La Grancabrio continue d’être proposée avec un V6 en deux versions de motorisation et – de manière quelque peu surprenante – en version entièrement électrique « Folgore », qui pourrait désormais se vendre un peu mieux maintenant que son autonomie maximale a été portée à 316 miles.
Il s’agit de l’un des derniers exemplaires encore disponibles de ce cabriolet de luxe à quatre places : l’un de ces concepts qui sont sans doute plus séduisants sur le papier – ou dans un film romantique sur le passage à l’âge adulte, avec un road trip, peut-être – que dans la réalité.
Il suffit de passer environ 10 secondes à l’arrière de l’un d’entre eux pour comprendre pourquoi. L’espace y est rarement abondant et les rafales de vent sont si fortes qu’il est impossible d’entendre une conversation – ou même de garder un chapeau sur la tête très longtemps. Imaginez que vous vous rendiez chez vos beaux-parents ou que vous partiez en week-end en empruntant exclusivement des montagnes russes particulièrement exposées aux courants d’air, et vous commencerez à comprendre.
La plupart des constructeurs automobiles de luxe – tels que Bentley et Mercedes-Benz – en sont venus à l’admettre tacitement en cessant de proposer de grands cabriolets à quatre places. Leurs modèles phares à toit ouvrant sont désormais presque exclusivement des 2+2, dans lesquels les sièges arrière ne sont manifestement destinés qu’aux trajets courts et aux « urgences ».

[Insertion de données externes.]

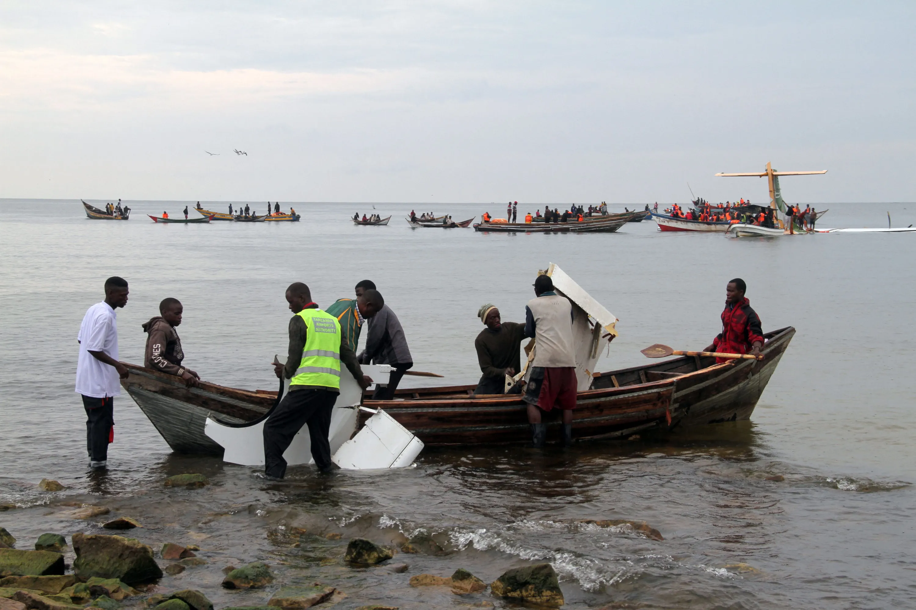 Rescuers carry debris as they search for survivors after a Precision Air flight that was carrying 43 people plunged into Lake Victoria as it attempted to land in the lakeside town of Bukoba, Tanzania on November 6, 2020. (Photo by Sitide Protase/AFP Photo)

Mais la Maserati Grancabrio de deuxième génération – dont la production a débuté en 2024 et qui vient de faire l’objet d’une légère mise à jour – fait figure d’exception. C’est le seul cabriolet de luxe qui vise une véritable fonctionnalité à quatre places.
Et vous n’êtes bien sûr pas obligé de rouler partout avec le toit ouvert : une jolie capote en tissu motorisée vous protège du vent lorsque vous le souhaitez.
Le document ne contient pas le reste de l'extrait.